Before launching the telestroke program, UVA’s partner hospitals had a tPA utilization rate of less than 0.05 percent of eligible cases. Now, partner hospitals have a 20 percent utilization rate, which is equivalent to UVA’s utilization rate.

“The goal of telehealth is equivalency in care,” Gordon says. “When you’re achieving numbers like that in your outcomes, you know that you’re doing exactly what you need to be doing.”

He sees telehealth as an equalizer that bridges the disparity between urban and rural health, improving access to care for the old and the young. A recent study of clinical telemedicine encounters for low-income rural women with high-risk pregnancies showed a statistically significant reduction in the number of preterm deliveries and a reduction in length of stay in the neonatal intensive care unit for preterm infants.

A program called Imprint provides secure ,  HIPAA-compliant iPads for families of pediatric patients with complex conditions. Each iPad has detailed information for the patient’s family, a health record that sends data back to physicians and nurses at the hospital, and videoconferencing abilities.

“If they have a crisis, they have a video link, and they can connect to that physician to say, ‘What should do? Should I come into the hospital? Is this an emergency?’ Gordon says. “It reduces visits. It reduces unnecessary travel. It improves clinical outcomes.”

Karen Rheuban, MD, and Andrew Southerland, MD

Karen Rheuban, MD, and Andrew Southerland, MD

Global Outreach

The Center for Telehealth extends this work on a global scale through the university’s teaching programs. Through cell-enabled iPads, UVA faculty and staff help train midwives in the Democratic Republic of the Congo. Anesthesiologists use telehealth to support surgeries and training in Ethiopia, and faculty work with diarrhoeal researchers in Bangladesh, to name a few of their initiatives.

During the 2014 Ebola crisis, UVA worked closely with a clinic in Liberia to treat Ebola patients. “In the midst of infectious disease like Ebola, some of the people at the highest risk are health care workers,” Gordon says. “We wanted to be able to design a system to, number one, reduce the exposure.”

In these clinics, patients are stationed in negative pressure rooms, and health care workers must don protective gear to enter the room for treatment. To reduce health care workers’ exposure to the virus, UVA and the clinic stationed cameras in patient rooms that connected to iPads stationed with hospital epidemiologists.

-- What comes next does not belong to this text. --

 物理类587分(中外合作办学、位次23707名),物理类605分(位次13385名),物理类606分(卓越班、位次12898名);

UVA calls this system ISOCOMS—Isolation Communication Management Systems.

While exposure to health care workers is reduced, patients effectively have more access to health care personnel, and that face-to-face contact can help them feel less alone.

“You’re beginning to mitigate the impact of the isolation so that family can see you, social workers, chaplains, others…” Gordon says. “You’re both improving access to specialists and others, reducing the number of nurses that have to go into the room.” Staff are careful, however, to protect patient confidentiality and avoid making patients feel constantly watched.

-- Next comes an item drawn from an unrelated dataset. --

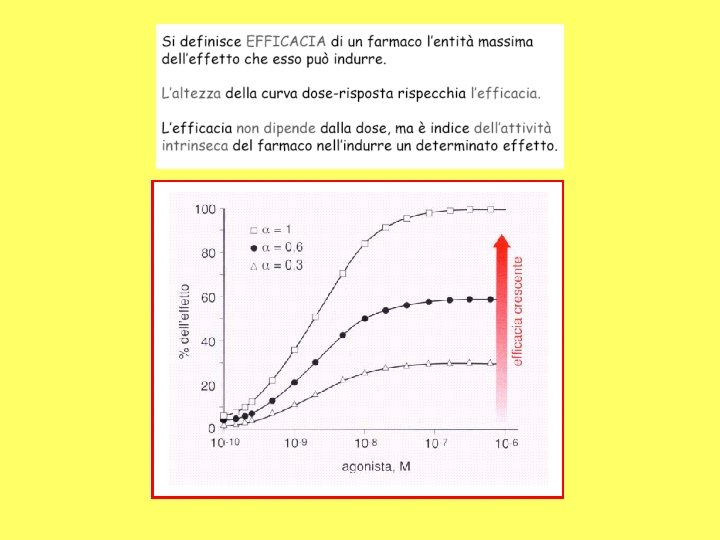 EFFICACIA E POTENZA DI UN FARMACO 100 Farmaco A efficacia massima Farmaco B efficacia minore Potenza minore Risposta Farmaco C 50 ED 50 0 0. 1 0. 3 1 3 Dose (scala log) 10 30

While war has kept UVA from responding to the current Ebola outbreak in the Congo, the system has applied lessons from ISOCOMs to new endeavors back home. It recently received a grant from the Centers for Disease Control and Prevention to support chronic condition prevention and treatment efforts in Appalachia and rural Virginia. UVA also has piloted a program with the Health Wagon, a mobile health clinic, to use drones to deliver medication to patients in rural Southwest Virginia. And through Project ECHO, an online training program developed by another association member, the University of New Mexico Health System, in Albuquerque, UVA equips primary care clinicians to care for patients with opioid and substance use disorder.

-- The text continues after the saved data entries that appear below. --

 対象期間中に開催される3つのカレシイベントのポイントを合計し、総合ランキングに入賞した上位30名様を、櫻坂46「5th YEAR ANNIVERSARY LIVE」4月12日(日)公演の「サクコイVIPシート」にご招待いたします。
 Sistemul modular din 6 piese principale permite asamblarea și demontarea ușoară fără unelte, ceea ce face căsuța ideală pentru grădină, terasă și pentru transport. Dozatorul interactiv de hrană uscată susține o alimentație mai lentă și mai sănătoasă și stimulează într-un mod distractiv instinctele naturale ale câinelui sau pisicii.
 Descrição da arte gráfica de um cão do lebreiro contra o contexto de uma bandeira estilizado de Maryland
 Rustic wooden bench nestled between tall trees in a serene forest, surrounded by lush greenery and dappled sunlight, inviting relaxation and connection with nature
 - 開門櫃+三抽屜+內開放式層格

Gordon looks back on the Center’s accomplishments with pride. “We’ve been a pioneer along the path, and when we started, you’d have fuzzy connections and complex, expensive technology, but all along we had the belief that we could overcome this time and distance barrier to caring for people,” he says. “Here we are, 23 years later, with such remarkable capacity and belief that we can connect anywhere with any device any time as we shift to a great digital world.”